Probability (X ≤ 218) = 0.07 + 0.16 + 0.23 + 0.24 ≈ 0.70

Therefore, the probability that Blaylock's score would be 218 or less is approximately 0.70.

To find the probability that Blaylock's score would be no more than 220, we need to sum up the probabilities of all outcomes with scores less than or equal to 220:

Probability (X ≤ 220) = Probability (X = 210) + Probability (X = 213) + Probability (X = 216) + Probability (X = 219) + Probability (X = 222)

Probability (X ≤ 220) = 0.07 + 0.16 + 0.23 + 0.24 + 0.17 ≈ 0.87

Therefore, the probability that Blaylock's score would be no more than 220 is approximately 0.87.
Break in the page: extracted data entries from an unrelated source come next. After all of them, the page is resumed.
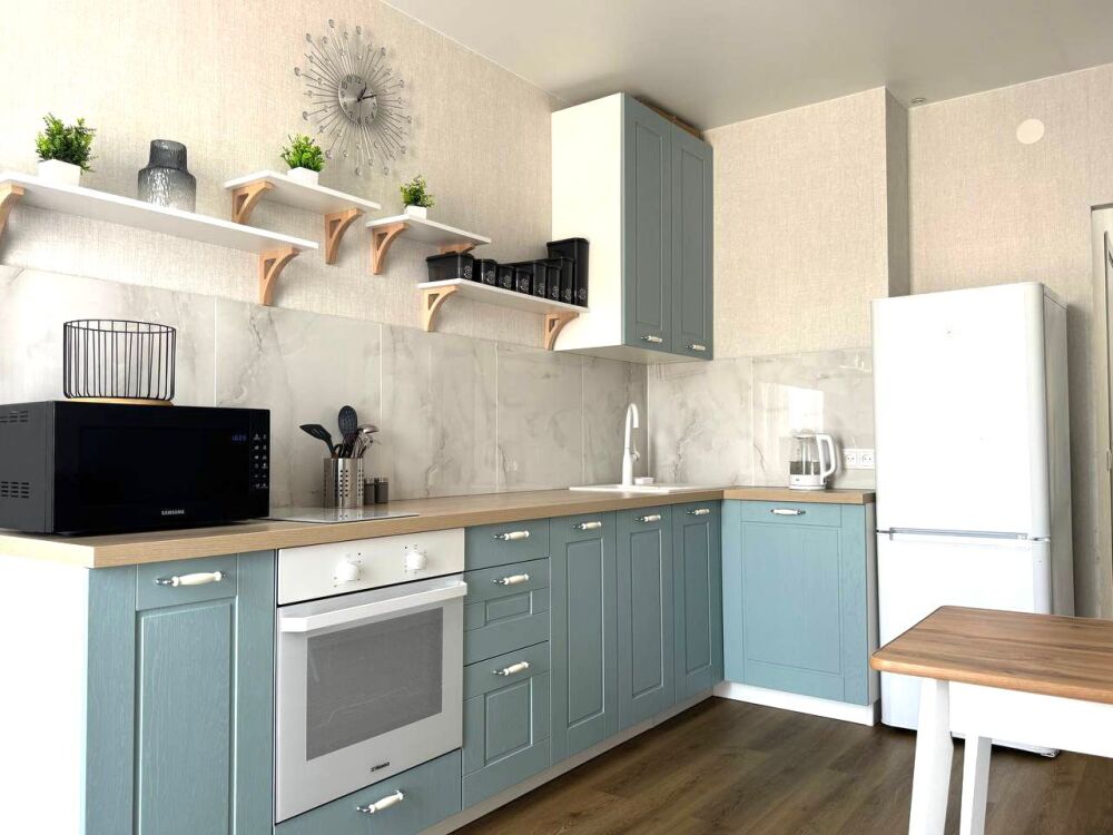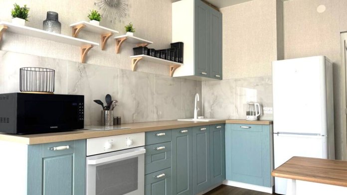 - Кухня, оборудованная всем необходимым, от чайника до духового шкафа
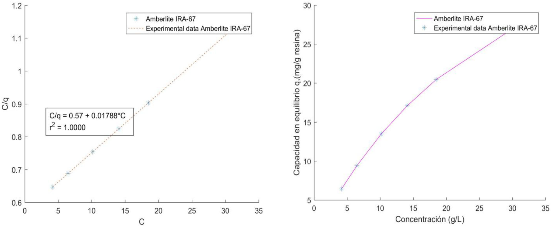 Se han realizado estudios para comparar la eficiencia de la adsorción de ácido láctico sobre resina Amberlite IRA-67 y carbón activado (Bayazit S.S., Inci I., Uslu H.,2011), las resinas actualmente se vienen utilizando gracias al excelente comportamiento en los procesos de adsorción, sin embargo, no existen muchos reportes sobre la utilización de estas resinas en ácidos carboxílicos. La isoterma de Langmuir permite encontrar la carga máxima (capacidad límite) del adsorbente que ocurre cuando la monocapa está completa, lo que proporciona la posibilidad de ver el comportamiento de cada uno de los adsorbentes y así predecir el adsorbente que se ajuste mejor a las condiciones deseadas, el cual será el que tenga una mejor capacidad de adsorción.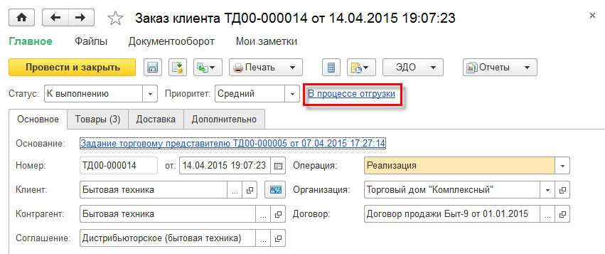 Процесс выполнения заказов можно контролировать с помощью соответствующих статусов и состояния документа. Состояние обновляется автоматически, пользователь может отслеживать ситуацию по заказу.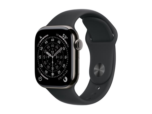 42 mm - skiffer titan - smart klocka med sportband - fluoroelastomer - svart - bandstorlek: M/L - 64 GB - LTE, Wi-Fi 4, UWB, Bluetooth - 5G - 34.6 g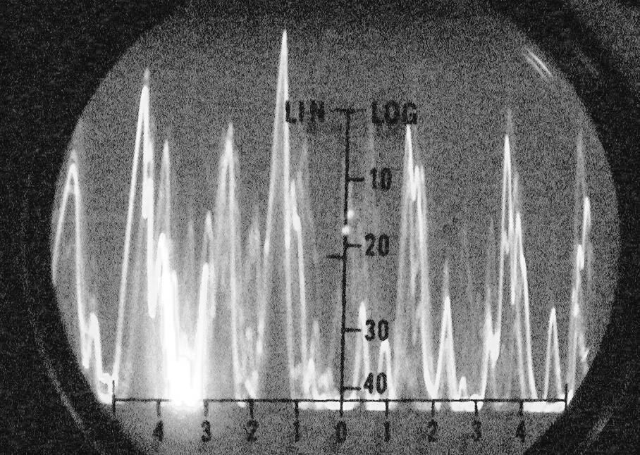 Easy to spot at a distance because of its bright yellow CRT, the SB-620 is an updated and refined version of the HO-13. Like the HO-13, the SB-620 is designed to provide a visual presentation of the band to which you are tuned. The 620 will present a portion of the band as wide as 500 kHz to as narrow as 10 kHz, depending to some extent on the IF frequency for which it has been wired. The presentation is centered on the frequency your receiver is tuned to, and allows you to “see” up and down the band. Signals appear along a calibrated line as “pips” on a high persistence CRT. The SB-620 is particularly useful in spotting band openings and for finding clear spots in a crowded band. With some practice the user can determine not only the frequency of signals elsewhere on the band, but their strengths and emission types as well. The 620 also can be used as a spectrum analyzer, but this use will not be described here.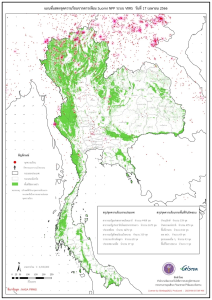 GISTDA เผยข้อมูลจากดาวเทียมซูโอมิ เอ็นพีพี (Suomi NPP) ของวันที่ 17 เมษายน 2566 ไทยพบจุดความร้อน 1,274 จุด ในขณะที่เพื่อนบ้านอย่างพม่ายังครองแชมป์อันดับหนึ่งอยู่ที่ 4,489 จุด, สปป.ลาว 1,673 จุด, เวียดนาม 319 จุด, กัมพูชา 28 จุด, และมาเลเซีย 17 จุด

To find the probability that Blaylock's score would be between 209 and 218 (inclusive), we need to sum up the probabilities of all outcomes within that range:

Probability (209 ≤ X ≤ 218) = Probability (X = 210) + Probability (X = 213) + Probability (X = 216) + Probability (X = 219)

Probability (209 ≤ X ≤ 218) = 0.07 + 0.16 + 0.23 + 0.24 ≈ 0.70

Therefore, the probability that Blaylock's score would be between 209 and 218 (inclusive) is approximately 0.70.